Ceragenins inhibit the formation of P. aeruginosa biofilms

As shown in Fig 1B, there was no statistically significant variability between Pf-positive and Pf-negative P. aeruginosa strains in the 50%-level inhibitory concentration of ceragenins required to inhibit biofilm formation. CSA-13 exerted the most pronounced anti-biofilm action, with 50%-level inhibitory concentration at 11.35 μg/mL ± 3.91 and 9.71 μg/mL ± 1.22 for Pf-positive and Pf-negative P. aeruginosa groups, respectively. Based on this, ceragenin CSA-13 was selected for further experiments.

CSA-13 at a concentration of 5 μg/mL reduced the biofilm mass of Pf-negative isolates 13% ± 6% more than Pf-positive ones (Fig 1C). However, this effect was not confirmed by CSA-13 at a higher concentration—20 μg/mL, where the difference in biofilm masses was only 0.6% ± 0.9%.
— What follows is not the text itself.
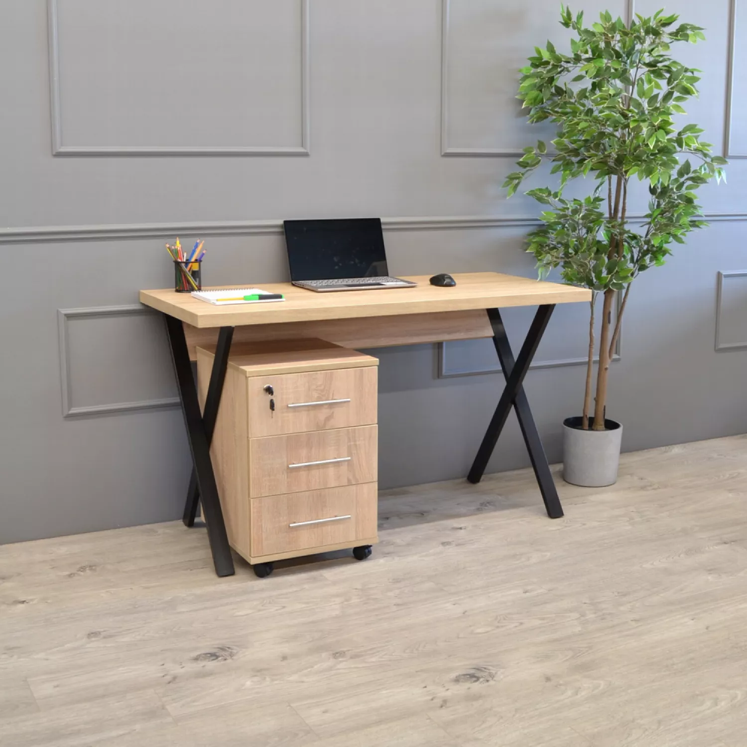 Masa dp birou alexa, pal, metal, sonoma, 130 x 60 x 77

The anti-biofilm action of CSA-13 is enhanced by DNase I and pASP

DNase I at concentrations of 0.5–5 μg/mL reduced the biofilm mass of Pf-negative and Pf-positive P. aeruginosa strains by 42–44% and 36–38%, respectively (Fig 2A). In contrast, pASP acid only slightly reduced biofilm formation in the Pf-negative group and appears to even promote biofilm formation in the Pf-positive group (Fig 2B). When a combination of DNase I or pASP acid with CSA-13 was applied, a large decrease in biofilm mass, particularly for CSA-13 at a concentration of 20 μg/mL, was observed. CSA-13 in combination with DNase I at concentrations of 0.5, 1, and 5 μg/mL decreased the biofilm mass of Pf-negative isolates by 66%, 77%, and 82%, and the biofilms of Pf-positive strains were reduced by 50%, 57% and 61%, respectively (Fig 2G). A similar combination of CSA-13 with pASP acid at a concentration of 10 μg/mL reduced the biofilm mass in Pf-negative and Pf-positive P. aeruginosa groups by 78% and 66%, respectively (Fig 2H). As shown in Fig 1C, administration of the exogenous Pf1 phage resulted in a dose-dependent increase of biofilm mass. However, this biofilm-promoting effect can be diminished by the co-administration of CSA-13 (Fig 2F and 2I).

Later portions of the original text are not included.